STUDY MATERIAL Start Marker
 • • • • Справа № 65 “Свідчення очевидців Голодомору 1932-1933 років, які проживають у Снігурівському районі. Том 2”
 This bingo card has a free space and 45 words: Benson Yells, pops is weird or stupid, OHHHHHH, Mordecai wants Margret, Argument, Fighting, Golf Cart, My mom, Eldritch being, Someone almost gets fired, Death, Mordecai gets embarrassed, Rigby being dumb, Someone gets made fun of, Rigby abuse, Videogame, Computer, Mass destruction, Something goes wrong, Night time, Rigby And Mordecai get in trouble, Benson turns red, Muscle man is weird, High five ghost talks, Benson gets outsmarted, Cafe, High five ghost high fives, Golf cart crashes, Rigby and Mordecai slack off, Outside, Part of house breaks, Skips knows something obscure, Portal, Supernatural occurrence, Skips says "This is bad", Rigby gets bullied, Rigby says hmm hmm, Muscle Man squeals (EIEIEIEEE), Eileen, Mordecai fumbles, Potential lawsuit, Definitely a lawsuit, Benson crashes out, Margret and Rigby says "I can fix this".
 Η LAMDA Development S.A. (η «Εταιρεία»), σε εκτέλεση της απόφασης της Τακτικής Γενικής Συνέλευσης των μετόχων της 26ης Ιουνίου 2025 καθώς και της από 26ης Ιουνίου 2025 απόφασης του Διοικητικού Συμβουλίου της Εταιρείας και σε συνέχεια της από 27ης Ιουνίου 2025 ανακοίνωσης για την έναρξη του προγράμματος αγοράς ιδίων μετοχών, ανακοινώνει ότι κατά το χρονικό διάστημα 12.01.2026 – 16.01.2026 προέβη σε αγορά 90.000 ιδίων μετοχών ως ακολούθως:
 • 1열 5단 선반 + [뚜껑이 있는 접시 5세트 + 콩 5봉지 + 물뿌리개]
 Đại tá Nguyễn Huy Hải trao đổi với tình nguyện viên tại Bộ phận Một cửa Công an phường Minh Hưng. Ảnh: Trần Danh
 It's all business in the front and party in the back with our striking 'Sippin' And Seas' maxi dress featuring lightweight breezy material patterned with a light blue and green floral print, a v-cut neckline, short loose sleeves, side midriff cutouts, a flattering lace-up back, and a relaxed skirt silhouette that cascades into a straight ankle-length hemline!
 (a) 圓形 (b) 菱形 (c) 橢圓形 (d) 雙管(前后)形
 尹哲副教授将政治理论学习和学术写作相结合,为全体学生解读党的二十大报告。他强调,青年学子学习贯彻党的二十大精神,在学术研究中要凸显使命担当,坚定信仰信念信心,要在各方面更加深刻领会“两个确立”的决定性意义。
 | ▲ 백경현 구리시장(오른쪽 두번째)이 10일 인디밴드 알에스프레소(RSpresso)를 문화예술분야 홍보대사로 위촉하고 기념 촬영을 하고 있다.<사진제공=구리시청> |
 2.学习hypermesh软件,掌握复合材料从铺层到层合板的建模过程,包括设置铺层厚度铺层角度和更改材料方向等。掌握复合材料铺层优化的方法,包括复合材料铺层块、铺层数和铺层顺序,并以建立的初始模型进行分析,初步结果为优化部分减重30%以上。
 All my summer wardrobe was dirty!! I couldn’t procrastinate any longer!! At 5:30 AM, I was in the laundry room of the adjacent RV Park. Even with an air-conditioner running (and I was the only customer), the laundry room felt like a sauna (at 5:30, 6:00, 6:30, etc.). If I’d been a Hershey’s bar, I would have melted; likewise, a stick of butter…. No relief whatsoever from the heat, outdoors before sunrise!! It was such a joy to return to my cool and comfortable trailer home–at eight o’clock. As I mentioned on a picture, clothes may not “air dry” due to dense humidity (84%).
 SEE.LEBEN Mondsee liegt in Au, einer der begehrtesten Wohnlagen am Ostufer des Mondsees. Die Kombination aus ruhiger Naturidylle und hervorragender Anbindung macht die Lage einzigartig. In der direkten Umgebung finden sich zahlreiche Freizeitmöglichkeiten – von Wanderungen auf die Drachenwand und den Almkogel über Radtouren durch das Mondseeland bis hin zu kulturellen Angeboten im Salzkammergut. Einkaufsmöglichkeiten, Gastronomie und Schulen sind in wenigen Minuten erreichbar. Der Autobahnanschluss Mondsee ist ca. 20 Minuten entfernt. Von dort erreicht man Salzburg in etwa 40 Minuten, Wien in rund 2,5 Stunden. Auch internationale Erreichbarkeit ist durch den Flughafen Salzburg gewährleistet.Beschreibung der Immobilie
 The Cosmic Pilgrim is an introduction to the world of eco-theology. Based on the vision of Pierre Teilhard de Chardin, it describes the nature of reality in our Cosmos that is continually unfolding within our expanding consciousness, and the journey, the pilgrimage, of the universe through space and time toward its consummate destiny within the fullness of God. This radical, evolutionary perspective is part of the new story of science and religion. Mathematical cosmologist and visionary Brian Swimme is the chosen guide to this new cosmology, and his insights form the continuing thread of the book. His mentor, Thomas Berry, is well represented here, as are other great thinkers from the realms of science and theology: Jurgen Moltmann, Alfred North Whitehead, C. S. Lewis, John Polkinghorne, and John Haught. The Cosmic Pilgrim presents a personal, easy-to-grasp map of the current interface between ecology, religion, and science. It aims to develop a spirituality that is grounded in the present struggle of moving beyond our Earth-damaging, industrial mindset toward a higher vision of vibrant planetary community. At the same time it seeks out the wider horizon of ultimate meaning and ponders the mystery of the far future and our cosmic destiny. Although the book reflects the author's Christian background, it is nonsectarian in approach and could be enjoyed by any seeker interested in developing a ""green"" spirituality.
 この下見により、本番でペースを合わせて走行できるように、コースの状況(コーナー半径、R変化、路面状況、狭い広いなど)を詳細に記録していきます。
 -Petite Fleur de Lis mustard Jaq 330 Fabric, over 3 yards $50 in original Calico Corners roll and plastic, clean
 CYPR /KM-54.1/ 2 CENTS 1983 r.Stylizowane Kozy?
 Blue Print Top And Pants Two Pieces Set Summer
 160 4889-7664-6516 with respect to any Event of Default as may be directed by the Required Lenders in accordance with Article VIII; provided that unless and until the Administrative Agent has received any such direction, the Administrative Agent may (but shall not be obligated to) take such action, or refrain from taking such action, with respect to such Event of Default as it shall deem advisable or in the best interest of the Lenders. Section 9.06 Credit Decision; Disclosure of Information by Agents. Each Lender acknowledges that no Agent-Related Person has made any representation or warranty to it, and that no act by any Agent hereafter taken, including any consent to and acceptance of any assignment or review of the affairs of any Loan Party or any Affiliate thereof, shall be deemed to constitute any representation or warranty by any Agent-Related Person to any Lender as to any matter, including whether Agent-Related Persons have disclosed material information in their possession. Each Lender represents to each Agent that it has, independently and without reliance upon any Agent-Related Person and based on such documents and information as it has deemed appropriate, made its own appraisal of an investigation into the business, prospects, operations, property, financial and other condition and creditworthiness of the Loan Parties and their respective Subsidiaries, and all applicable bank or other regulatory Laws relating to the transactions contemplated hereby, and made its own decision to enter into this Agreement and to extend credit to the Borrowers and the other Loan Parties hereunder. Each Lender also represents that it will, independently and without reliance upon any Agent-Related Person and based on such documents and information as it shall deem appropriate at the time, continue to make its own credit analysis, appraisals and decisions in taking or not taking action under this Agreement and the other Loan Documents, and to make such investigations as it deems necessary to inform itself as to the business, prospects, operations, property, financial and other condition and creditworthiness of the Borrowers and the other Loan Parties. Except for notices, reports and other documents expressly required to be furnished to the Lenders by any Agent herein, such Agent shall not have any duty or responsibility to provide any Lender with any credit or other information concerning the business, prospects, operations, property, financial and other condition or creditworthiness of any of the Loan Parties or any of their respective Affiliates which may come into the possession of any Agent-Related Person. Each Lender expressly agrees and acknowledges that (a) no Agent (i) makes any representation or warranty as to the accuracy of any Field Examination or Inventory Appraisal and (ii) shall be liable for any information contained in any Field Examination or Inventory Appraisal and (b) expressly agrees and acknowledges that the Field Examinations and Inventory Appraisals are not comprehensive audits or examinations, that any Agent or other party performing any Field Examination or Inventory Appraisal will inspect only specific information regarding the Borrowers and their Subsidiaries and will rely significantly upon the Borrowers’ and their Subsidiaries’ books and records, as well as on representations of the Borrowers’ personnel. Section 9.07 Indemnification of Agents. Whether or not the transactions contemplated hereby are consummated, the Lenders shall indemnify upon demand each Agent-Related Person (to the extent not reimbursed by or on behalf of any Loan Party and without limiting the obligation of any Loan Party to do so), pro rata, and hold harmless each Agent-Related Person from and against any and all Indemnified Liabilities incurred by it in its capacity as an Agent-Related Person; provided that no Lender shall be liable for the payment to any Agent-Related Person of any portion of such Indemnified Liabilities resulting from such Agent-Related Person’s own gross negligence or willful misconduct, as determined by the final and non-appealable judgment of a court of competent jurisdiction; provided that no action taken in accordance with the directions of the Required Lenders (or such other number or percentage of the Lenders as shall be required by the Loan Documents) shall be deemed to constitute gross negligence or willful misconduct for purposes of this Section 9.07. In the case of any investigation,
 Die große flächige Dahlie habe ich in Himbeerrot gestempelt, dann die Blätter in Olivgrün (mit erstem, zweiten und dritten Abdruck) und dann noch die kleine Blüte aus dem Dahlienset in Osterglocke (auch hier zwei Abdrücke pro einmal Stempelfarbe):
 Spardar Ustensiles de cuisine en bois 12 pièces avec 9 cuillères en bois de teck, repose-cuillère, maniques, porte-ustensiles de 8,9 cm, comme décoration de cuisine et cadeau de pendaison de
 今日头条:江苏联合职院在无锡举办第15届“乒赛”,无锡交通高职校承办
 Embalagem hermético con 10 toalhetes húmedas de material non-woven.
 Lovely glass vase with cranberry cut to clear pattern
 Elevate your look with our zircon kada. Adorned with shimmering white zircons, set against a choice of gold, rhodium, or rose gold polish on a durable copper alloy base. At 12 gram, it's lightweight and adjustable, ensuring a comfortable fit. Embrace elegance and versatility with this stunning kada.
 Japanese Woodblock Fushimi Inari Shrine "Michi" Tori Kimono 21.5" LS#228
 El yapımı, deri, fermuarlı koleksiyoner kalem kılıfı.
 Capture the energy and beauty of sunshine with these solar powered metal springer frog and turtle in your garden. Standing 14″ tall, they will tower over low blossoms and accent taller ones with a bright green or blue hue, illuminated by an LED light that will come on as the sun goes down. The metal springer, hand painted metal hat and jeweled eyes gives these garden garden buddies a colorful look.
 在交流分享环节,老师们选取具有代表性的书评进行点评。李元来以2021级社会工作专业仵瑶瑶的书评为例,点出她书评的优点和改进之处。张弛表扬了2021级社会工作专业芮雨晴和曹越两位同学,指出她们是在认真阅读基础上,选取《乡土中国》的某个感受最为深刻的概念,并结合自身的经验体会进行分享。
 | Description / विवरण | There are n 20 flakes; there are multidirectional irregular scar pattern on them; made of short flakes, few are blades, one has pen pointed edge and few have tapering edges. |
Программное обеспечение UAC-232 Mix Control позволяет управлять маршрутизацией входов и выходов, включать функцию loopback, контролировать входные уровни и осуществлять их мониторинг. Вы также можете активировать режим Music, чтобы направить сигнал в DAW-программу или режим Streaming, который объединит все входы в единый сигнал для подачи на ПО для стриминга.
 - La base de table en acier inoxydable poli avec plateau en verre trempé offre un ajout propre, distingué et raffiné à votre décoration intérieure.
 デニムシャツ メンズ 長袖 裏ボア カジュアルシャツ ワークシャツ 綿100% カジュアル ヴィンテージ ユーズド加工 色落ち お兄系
STUDY MATERIAL End Marker
ABOUT THIS EXERCISE: In the data above, retype exactly and only the lines between the one holding "尹哲副教授将政治理论学习和学" and the one holding "하고 있다.<사진제공=구리시청> |", inclusive.

EXERCISE OUTPUT:
 尹哲副教授将政治理论学习和学术写作相结合,为全体学生解读党的二十大报告。他强调,青年学子学习贯彻党的二十大精神,在学术研究中要凸显使命担当,坚定信仰信念信心,要在各方面更加深刻领会“两个确立”的决定性意义。
 | ▲ 백경현 구리시장(오른쪽 두번째)이 10일 인디밴드 알에스프레소(RSpresso)를 문화예술분야 홍보대사로 위촉하고 기념 촬영을 하고 있다.<사진제공=구리시청> |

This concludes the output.